Zehn Sieger, ein Champion, eine Seele

Zum zweiten Mal trägt die European Broad­cas­tinig Union (EBU), ein Zusam­men­schluss von heute 72 inter­na­tio­nalen Sende­an­stalten, den Eurovision Choir aus, eine TV-Show, in der Chöre aus zehn Ländern vor den Fernseh­ka­meras gegen­ein­ander antreten. Vocal Line aus Dänemark gewinnt vor Chören aus Lettland und Slowenien den Titel. Doch die Exper­tenjury sieht in allen Vokal­ensembles der Konkurrenz wahre Sieger, darunter BonnVoice, der Vertreter Deutschlands.
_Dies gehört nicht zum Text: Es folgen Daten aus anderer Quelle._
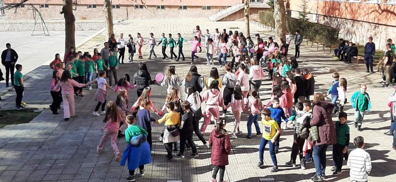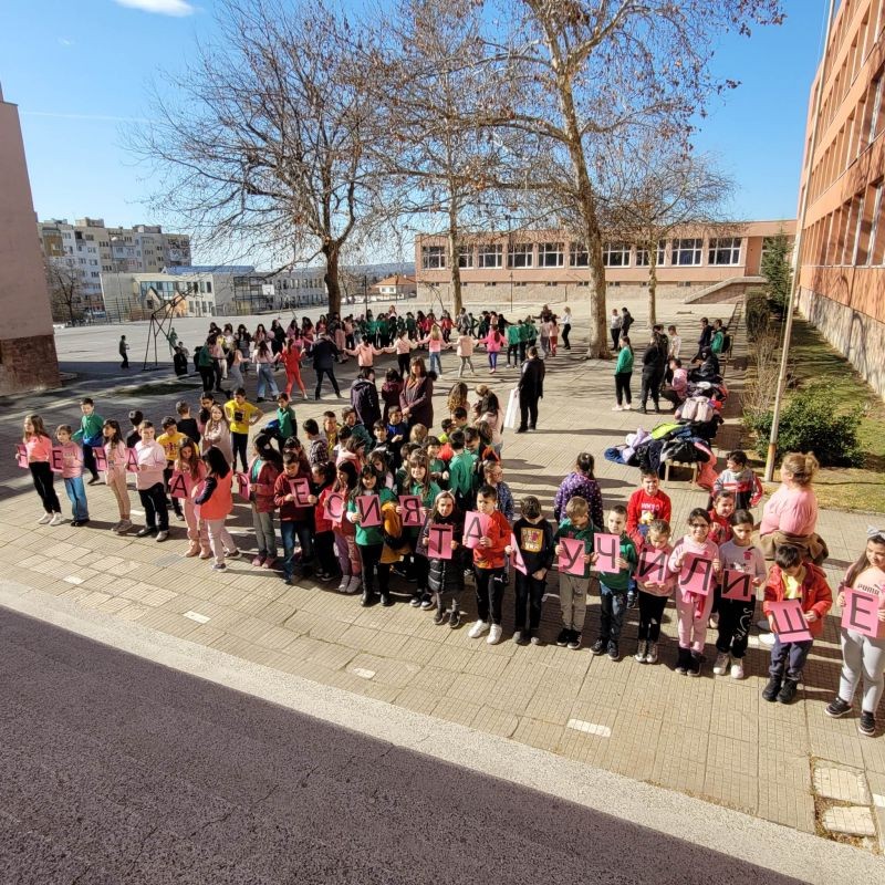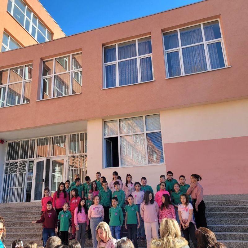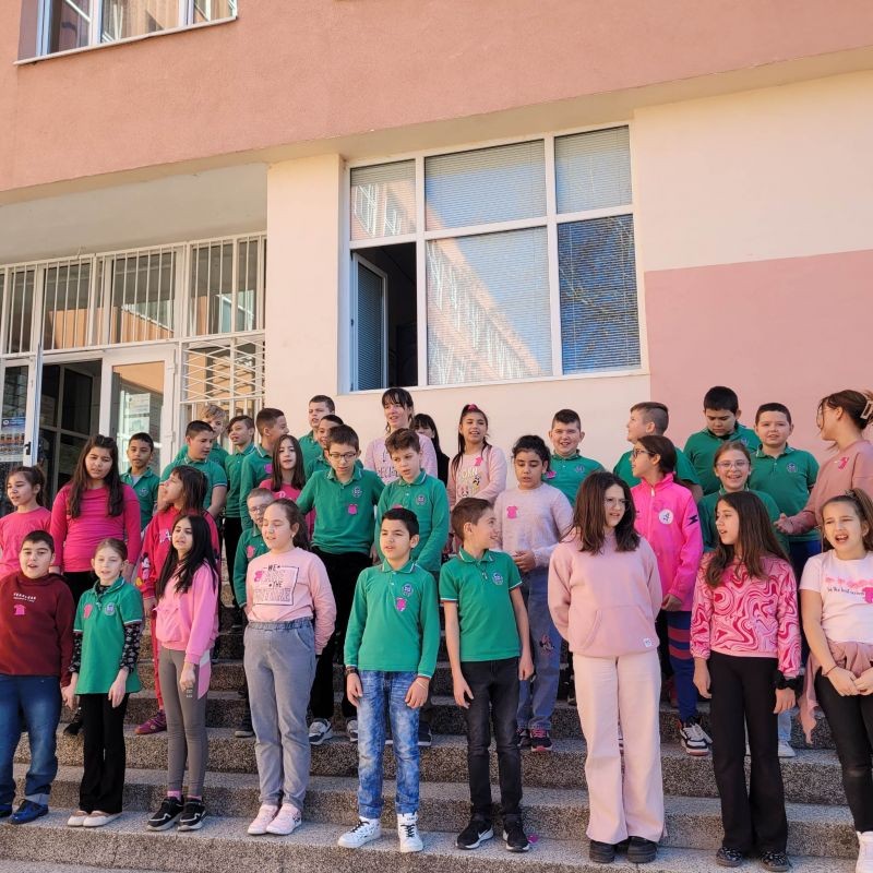 С песен за приятелството и български народни хора, учениците от СУ „Йордан Йовков“ отбелязаха Деня за борба с тормоза в училище, познат още като Ден на розовата фланелка.
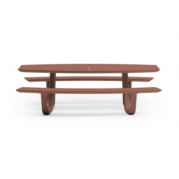 Tavolo con panche 8teen realizzato in alluminio. Disponibile in 3 colori, il tavolo con panche 8teen è l'aggiunta ideale per qualsiasi spazio esterno che voglia coniugare stile e comfort. Questo set, ideale per il design di esterni, garantisce una seduta ergonomica e confortevole grazie alle sue due panche spaziose dotate di sedili curvati, progettati appositamente per adattarsi alla forma del corpo, offrendo un'esperienza di relax senza pari. Che tu stia arredando un giardino, una terrazza o un patio, questo tavolo con panche si adatta perfettamente a qualunque esterno. La versatilità cromatica del tavolo con panche 8teen permette di inserirlo in ogni contesto esterno, grazie alle sue finiture in bianco, grafite e terracotta. Ogni opzione è stata selezionata per integrarsi armoniosamente con l'ambiente circostante, fornendo un tocco di classe che eleva l'estetica dell'arredamento esterno. Oltre all'aspetto visivamente attraente, il set vanta una resistenza e facilità di manutenzione eccellenti, garantendo che il tuo spazio all’aperto resti splendido anno dopo anno. Il tavolo con panche 8teen si distingue come scelta primaria per coloro che desiderano godere al massimo del proprio spazio esterno. Che si tratti di ricevere ospiti per occasioni speciali, godersi serate estive in famiglia o semplicemente rilassarsi all'aria aperta, questo set da Atmosphera offre un ambiente accogliente e stiloso. Disegnato da Atmosphera Creative Lab.

BonnVoice hat Deutschland beim Contest vertreten – Foto © Jonas Persson

The moment has arrived.Mit dieser Ankün­digung Petroc Trelawnys von der BBC, zusammen mit Ella Petersson vom schwe­di­schen Fernsehen SVT das Modera­to­ren­tandem der Show, erreicht die Spannung in der mit gut 3.500 Besuchern gefüllten Partille-Arena vor den Toren Göteborgs ihren Siede­punkt. Da ist es wieder, dieses Faszi­nosum für TV-Zuschauer in Europa im Bann der Eurovision. Prompt senkt sich der akustische Pegel auf ein gespanntes Murmeln. John Rutter, der britische Komponist und Vorsit­zende der Jury, lüftet das Geheimnis um den Champion in der Konkurrenz um den Eurovision Choir 2019 (EC). Vocal Line aus Dänemark sichert sich den Titel. Der lettische Chor Maska landet auf dem zweiten, die slowe­nische Formation Jazzva auf dem dritten Platz.

Das Jury-Ranking indes, so verdient es ausge­fallen sein mag, ist nicht das Einzige, was zählt. Zehn Ensembles aus zehn europäi­schen Ländern haben im Ringen um die Krone der Besten phasen­weise großartige Leistungen und Präsen­ta­tionen gezeigt. Jeweils in vier Minuten, um die zweite Runde mit einem Auftritt von maximal drei Minuten zu erreichen. „Sie alle hätten es verdient gehabt, sich für die Final­runde zu quali­fi­zieren und den Sieg zu erreichen“, sagt Rutter über die zehn Reprä­sen­tanten der Laien­chor­kultur in ihren Ländern. Mit hoher Kreati­vität und großem Können haben engagierte Laien – der Begriff gründet in der histo­ri­schen Unter­scheidung von Klerikern und Nicht-Klerikern, eben Laien, in der Kirchen­musik – ein klang- und ausdruck­mäch­tiges Panorama der regio­nalen Vielfalt Europas gezeichnet. Kultur, Chorkultur an diesem ersten Sonnabend im August, ist der verbin­dende Nenner dieses Europa. EU-Gipfel ohne Ergeb­nisse hin, Europa­mü­digkeit her.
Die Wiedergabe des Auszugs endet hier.